Tess Howard MBE OLY

Personal information
- Born: 6 January 1999 (age 27) England

Sport
- Sport: Field hockey
- Position: Midfielder
- Club: East Grinstead

National team
- Years: Team / Caps / Goals
- 2019–present: England / 4 / (0)
- 2018–present: Great Britain / 33 / (7)
- –: ENGLAND & GB TOTAL: / 37 / (7)

Medal record
Women's field hockey
Representing England
Commonwealth Games
| Gold medal – first place | 2022 Birmingham |  |

= Tess Howard =

English field hockey player

Tessa Gillian Howard MBE OLY (born 6 January 1999) is an English field hockey player who plays as a midfielder for East Grinstead and the England and Great Britain national teams.

==Club career==

Howard plays club hockey in the Women's England Hockey League Premier Division for East Grinstead.
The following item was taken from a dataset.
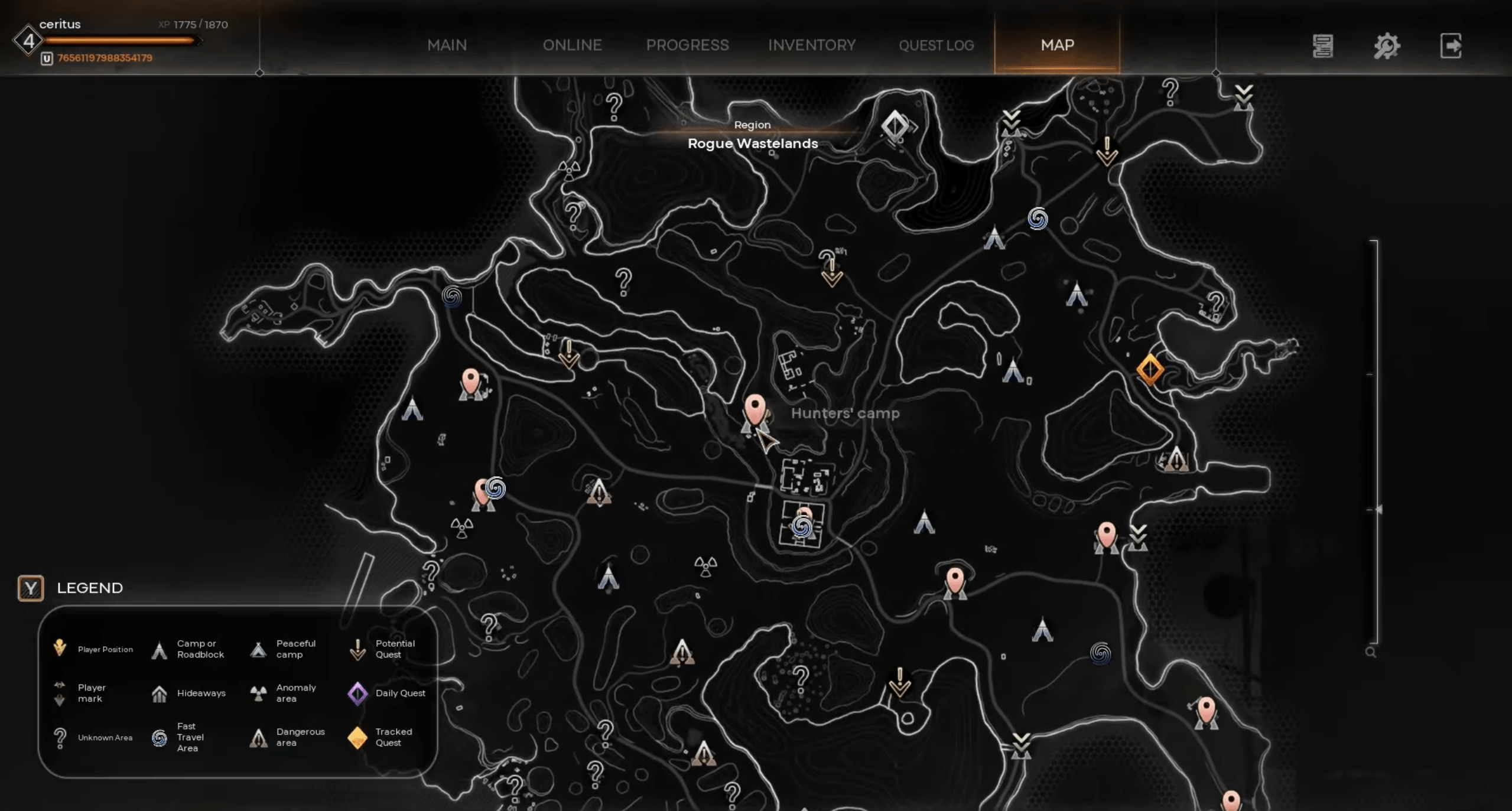 - Tracked Quest: Quest-related objectives that can be tracked on the map, showing where to go or what to complete next.

Howard has also played for Durham University and Cambridge City.

==Personal life==
Howard has been heavily involved in the Inclusive Sportswear Charter, which advocates for changes in kit policies at clubs and schools to make women and girls feel more comfortable and welcome in sport, and to "ensure choice and comfort comes first at all levels of sport."

Howard was appointed a Member of the Order of the British Empire (MBE) in the 2025 New Year Honours for services to inclusive sportswear for women and girls.